In future studies, it is recommended to apply higher-resolution data and incorporate more driving factors to improve the accuracy of the flood inundation extent and the simulation precision of urban growth within the study area (Zhuang et al. 2022). Meanwhile, employing multiple indicators to design and optimize sustainable urban development plans can enhance the validity and reliability of reducing additional UEF (Shan et al. 2021). Furthermore, we intend to combine SCS-CN (Soil Conservation Service Curve Number), InVEST (Integrated Valuation of Ecosystem Services and Trade-offs) to synthesize and analyze the relationship between urban growth, urban flood exposure and the supply and demand of flood regulation services in the context of climate change (Xu et al. 2020; Zhao et al. 2023b), so as to evaluate urban flood risk and its impacts under different scenarios comprehensively.

Conclusion

Coastal flood exposure and risk along with climate change and urbanization are key elements affecting urban landscape sustainability. This study integrated an urban expansion model, scenario analysis, and flood exposure assessment to quantify the divergence and effectiveness of five urban planning strategies in mitigating UEFs under different socio-economic and climate change scenarios in coastal China during 2020–2050. Even with a moderate scenario of SSP2-RCP4.5, the 1000-year flood UEFs along coastal China was expected to grow by 35.88% (31.56%–41.52%) from 9,879 km2 in 2020 to 13,424 (12,997–13,981) km2 in 2050. Compared to the BAU scenario, each planning strategy was able to prevent additional UEFs in most cases, but it worked best if the spatial and quantitative constraints (Wetlands Protection, Ecological Protection, and Densification Development) were jointly considered for a sustainable development strategy. By applying the Sustainable Development planning strategy, the projected UEFs in 2050 would be reduced by 16.98% (15.63%–18.67%) in a 1000-year flood scenario.

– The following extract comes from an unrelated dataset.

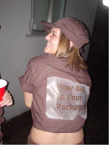 McNulty has gone way up in my book because of his costume and the greatest move that was pulled on this night. I think I would've gone with a huge black dildo, but you know, that's just me. He left his 26 year old girlfriend at our house and ran off, leaving her to sleep in one of the guys' beds at some fucking college house. I would be so pissed. His sign says, "Have you been a good little boy?"

Therefore, the ways of urban growth matters in terms of affecting food exposure and risk, particularly when urban growth was identified as the leading driver of changes in UFE in coastal China. Sustainable ways in other perspectives may increase flood exposure; for instance, urbanization extended into flood-prone areas under ecological protection planning. Synergy should therefore be strengthened across different goals of landscape sustainability. An incorporation of flood exposure control into urban planning should be a foundation to a sustainable landscape. We believe the methodology and the findings could help to facilitate a more comprehensive understanding of sustainable urban landscape.